Saturday, February 18, 2012

Switch: How to Change Things When Change is Hard

Annotation provided by Melissa Han

Heath, C., & Heath, D. (2010). Switch: How to Change Things When Change is Hard. New York: Broadway Books.

Main Ideas/Response:

Switch addresses how change in personal or professional areas can be difficult if the mind and heart are in disagreement. The mind or rational side in us is labeled as the Rider. The Rider plans, directs, and is the visionary. But the Rider is limited in strength, focuses on problems, and is paralyzed by ambiguity and choices. The heart or emotional side in us is labeled as the Elephant. The Elephant provides the energy and is moved by feeling. In order for the process of change to successfully take place, the Rider must have clear direction, the Elephant have ample motivation, and the Path be a supportive environment. When all of this happens, then the Rider, Elephant, and Path are in alignment for change or a switch to happen.

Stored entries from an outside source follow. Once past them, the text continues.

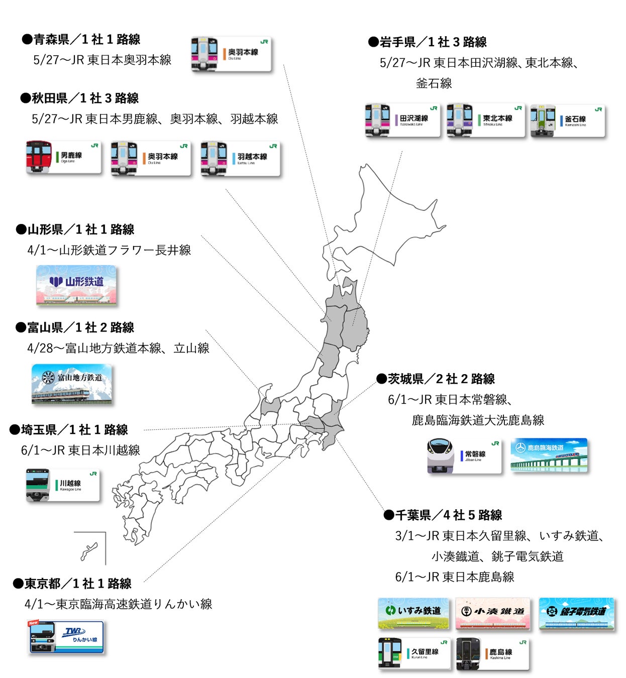 これまでに展開してきました首都圏・東北・北陸の18路線に加えて、7月1日より「ゆりかもめ」、「リニモ」、「三岐線」、「北勢線」、「外房線」の5路線にエキタグを展開します。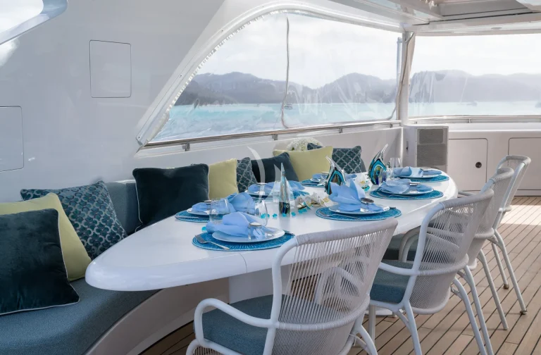We were a group of 11 ranging from late 20’s to late 90’s (yes 90’s) and the crew catered to us all, they were warm, intuitive and professional. Each crew member contributed to the seamless sense of luxury, adventure & fun without being intrusive. Dining was outstanding – curated by a fabulously enthusiastic head & sous chef, often with locally procured seafood. The decks, cabins & communal areas are spacious & refined with high-end detailing & furnishings. There was also a great complement of water toys and activities. Adventure with comfort!”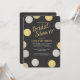Denna moderna bröllopsfestinladning är perfekt för en bröllopsfest oavsett tema. Funktioner stora champagnebubblor i nyanser av silver och guld på en svart taffel bakgrund.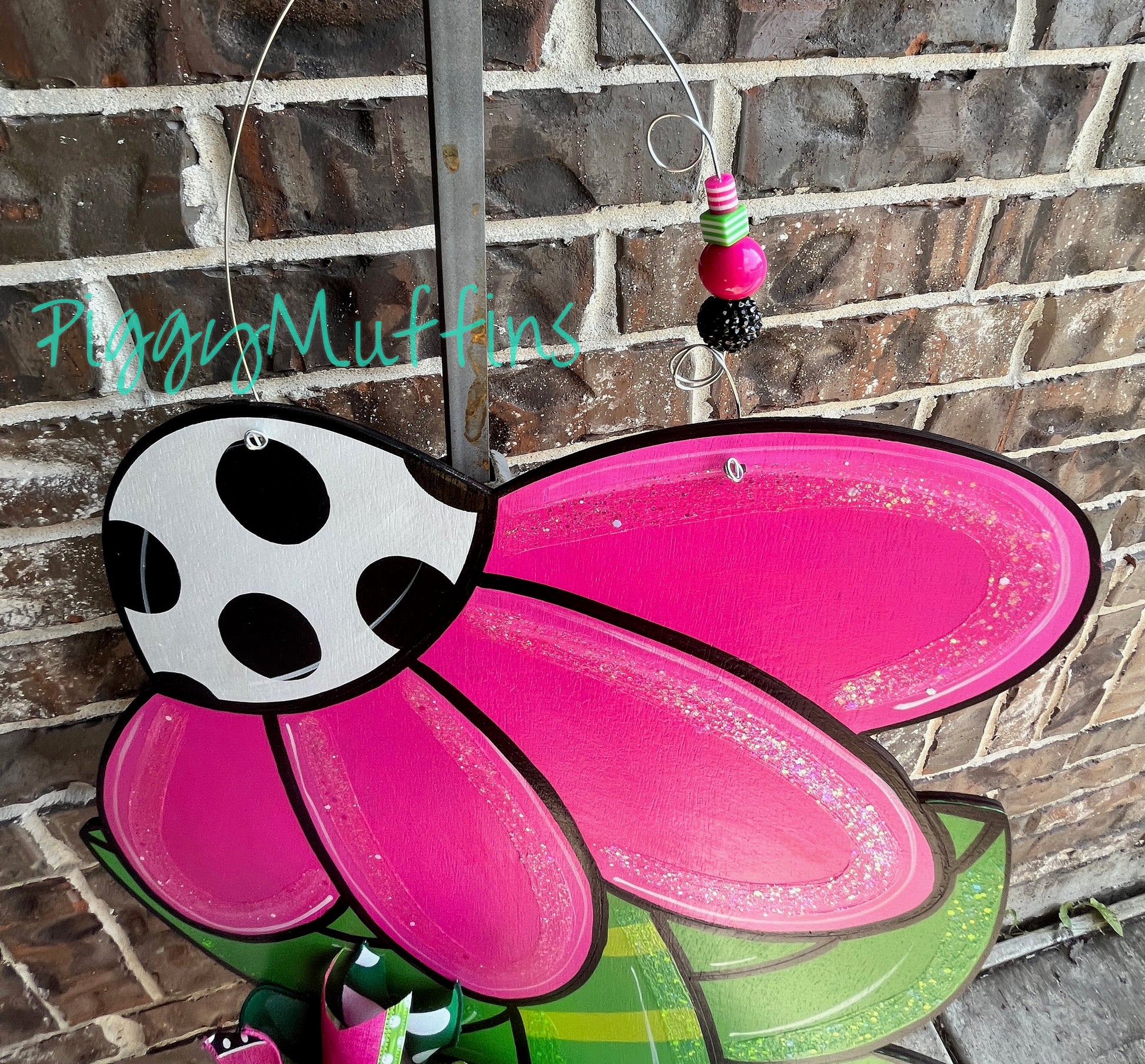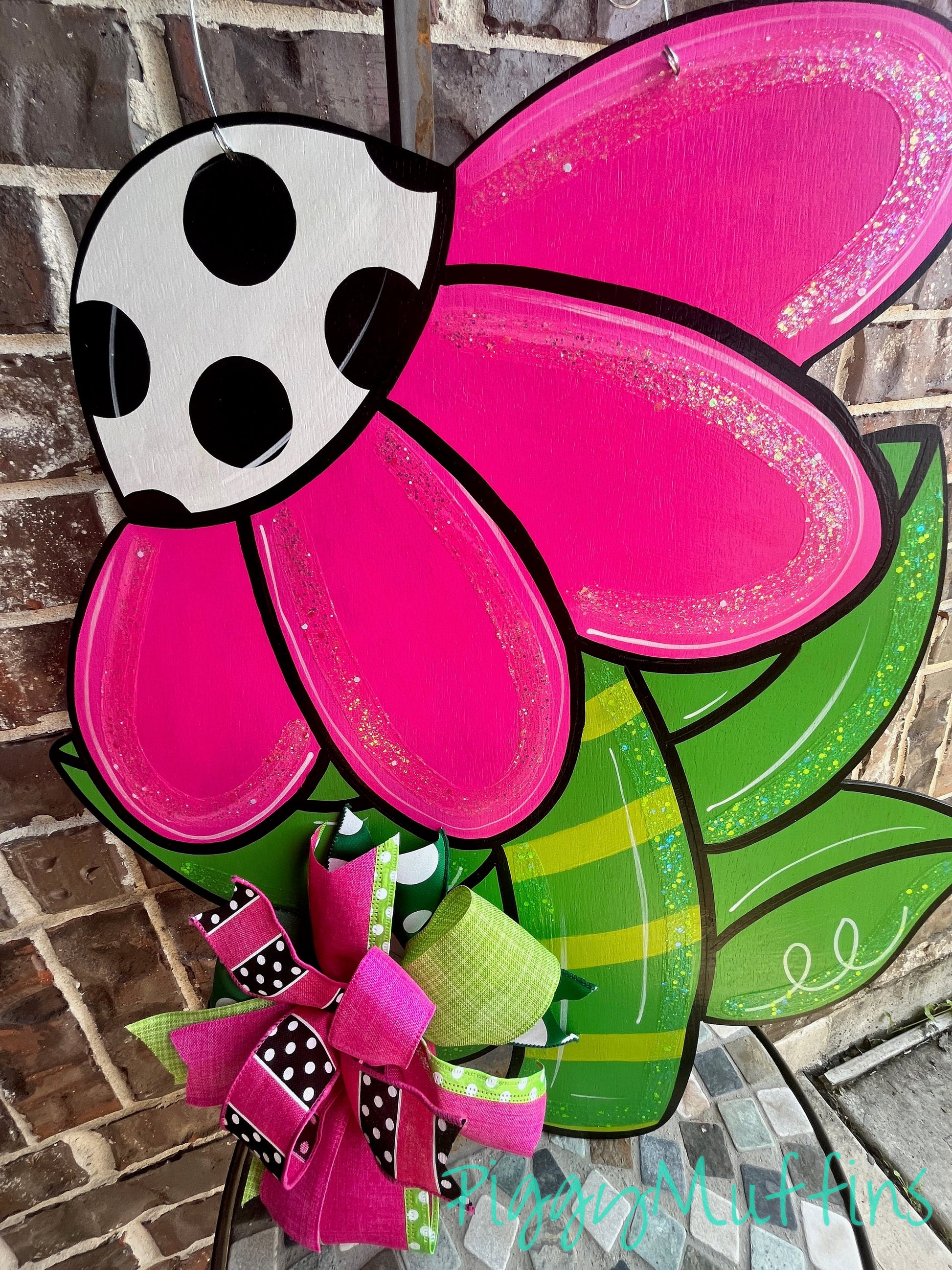 How gorgeous is this bright pink floral door hanger by PiggyMuffins?? Perfect all spring long, it measures approximately 22 inches in length and 20 inches in width. This Spring Door Hanger is cut out of 1/4 inch birch, sanded and painted with acrylic paint. It is sealed with a clear protective coating that prevents chipping, peeling, fading, or yellowing. Accented with glitter, it includes a sturdy wire hanger with a coordinating beads and is ready to hang when delivered. A coordinating bow can be added for an additional charge by choosing the "With Bow" option at checkout.

I was drawn to the idea of free spaces. Too often free spaces have been breeding ground for dumping negative emotions, which narrows our thoughts. I’d like to explore using these free spaces as a beginning in nurturing positive emotions (i.e. share bright spots) to broaden or build our school. I also realized that in order for bright spots to be effective for change, we need a destination in sight to work towards so that we know what kind of bright spots to be on the look-out for. I’d like to use free spaces to find out why some staff members have remained at our school for so long. What keeps them there? When we share those reasons maybe it’ll lead us to create a new language where we can define a destination or core values that’ll keep us focused and enable us to encourage each other towards it.

Relevant Quotes:

~“People with a growth mindset-those who stretch themselves, take risks, accept feedback, and take the long-term view- can’t help but progress in their lives and career.” (165)

~”Reinforcement does require you to have a clear view of the destination, and it requires you to be savvy enough to reinforce the bright spot behaviors when they happen.” (253)

~”If you want to change the culture of your organization, you’ve got to get the reformers together. They need a free space. They need time to coordinate outside the gaze of the resisters. For a time, at least, you’ve got to permit an “us versus them” struggle to take place. It’s not desirable, but it’s necessary. Think of it as organizational molting.” (247)

Questions:

~How does one utilize the free spaces effectively to draw wider community and common mission if at first it separates?

~How would one utilize action triggers, simple checklists, and rallying the herd to handle the bottom of the “U” situations so that one can get back up to the other end?